=== EXERCISE MATERIALS ===
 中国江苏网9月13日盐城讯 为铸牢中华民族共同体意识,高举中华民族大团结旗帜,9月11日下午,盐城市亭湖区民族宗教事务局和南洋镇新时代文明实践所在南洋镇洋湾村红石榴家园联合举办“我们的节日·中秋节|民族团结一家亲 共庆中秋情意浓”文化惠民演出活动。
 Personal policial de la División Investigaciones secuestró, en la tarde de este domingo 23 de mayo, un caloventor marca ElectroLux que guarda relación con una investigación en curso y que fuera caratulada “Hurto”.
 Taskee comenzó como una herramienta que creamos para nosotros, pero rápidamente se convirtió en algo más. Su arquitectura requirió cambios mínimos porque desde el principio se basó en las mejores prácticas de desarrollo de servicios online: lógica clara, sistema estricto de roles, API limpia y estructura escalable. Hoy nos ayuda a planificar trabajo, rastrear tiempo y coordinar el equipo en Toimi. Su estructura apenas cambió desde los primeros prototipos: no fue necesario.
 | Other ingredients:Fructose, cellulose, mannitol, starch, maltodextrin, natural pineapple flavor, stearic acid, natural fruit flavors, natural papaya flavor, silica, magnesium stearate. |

...

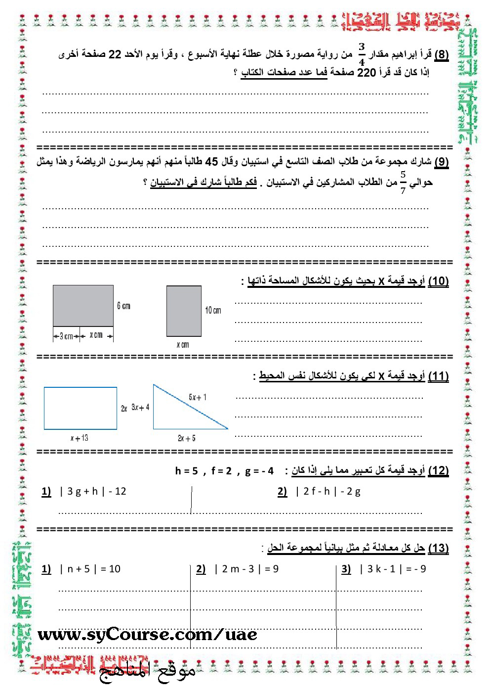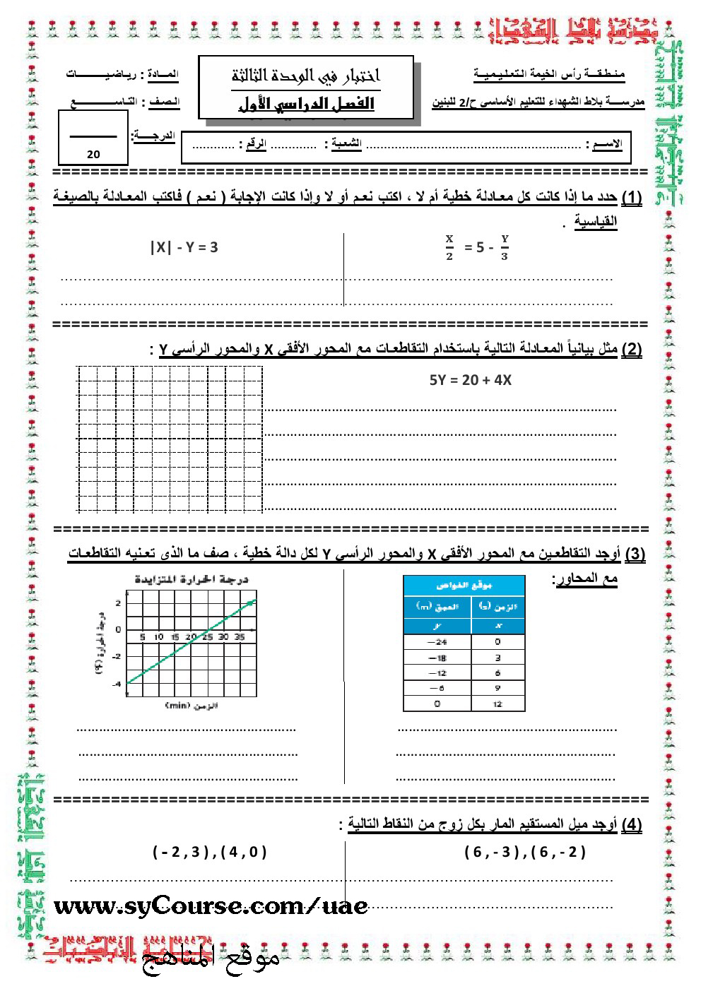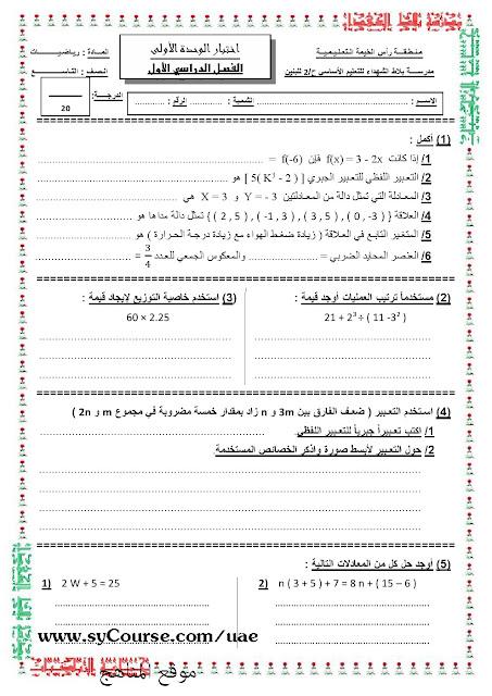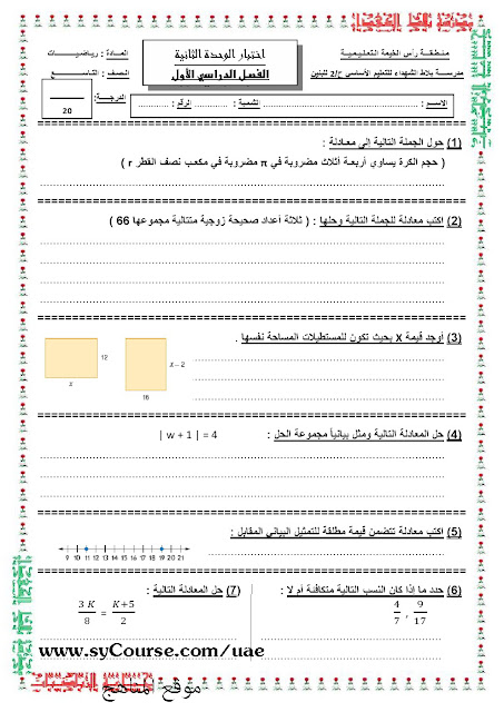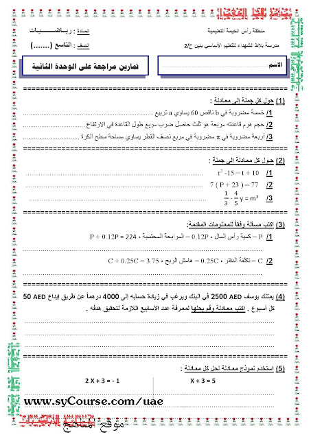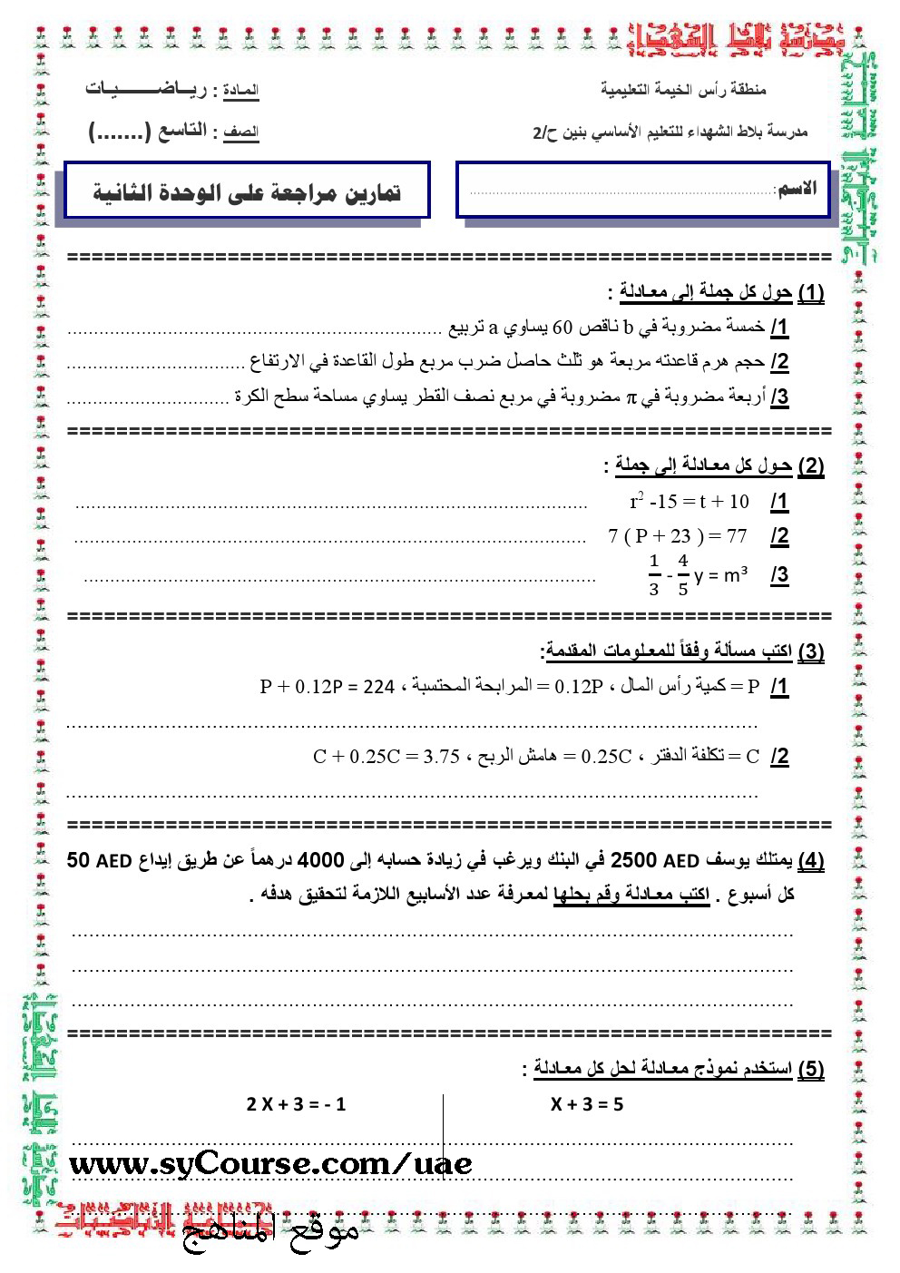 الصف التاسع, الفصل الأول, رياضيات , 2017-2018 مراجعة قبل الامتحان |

=== EXERCISE DETAILS ===
Using only the listing above, restate exactly the lines from the line containing "Personal policial de" through the line containing "magnesium stearate. |", both included.

=== YOUR SOLUTION ===
 Personal policial de la División Investigaciones secuestró, en la tarde de este domingo 23 de mayo, un caloventor marca ElectroLux que guarda relación con una investigación en curso y que fuera caratulada “Hurto”.
 Taskee comenzó como una herramienta que creamos para nosotros, pero rápidamente se convirtió en algo más. Su arquitectura requirió cambios mínimos porque desde el principio se basó en las mejores prácticas de desarrollo de servicios online: lógica clara, sistema estricto de roles, API limpia y estructura escalable. Hoy nos ayuda a planificar trabajo, rastrear tiempo y coordinar el equipo en Toimi. Su estructura apenas cambió desde los primeros prototipos: no fue necesario.
 | Other ingredients:Fructose, cellulose, mannitol, starch, maltodextrin, natural pineapple flavor, stearic acid, natural fruit flavors, natural papaya flavor, silica, magnesium stearate. |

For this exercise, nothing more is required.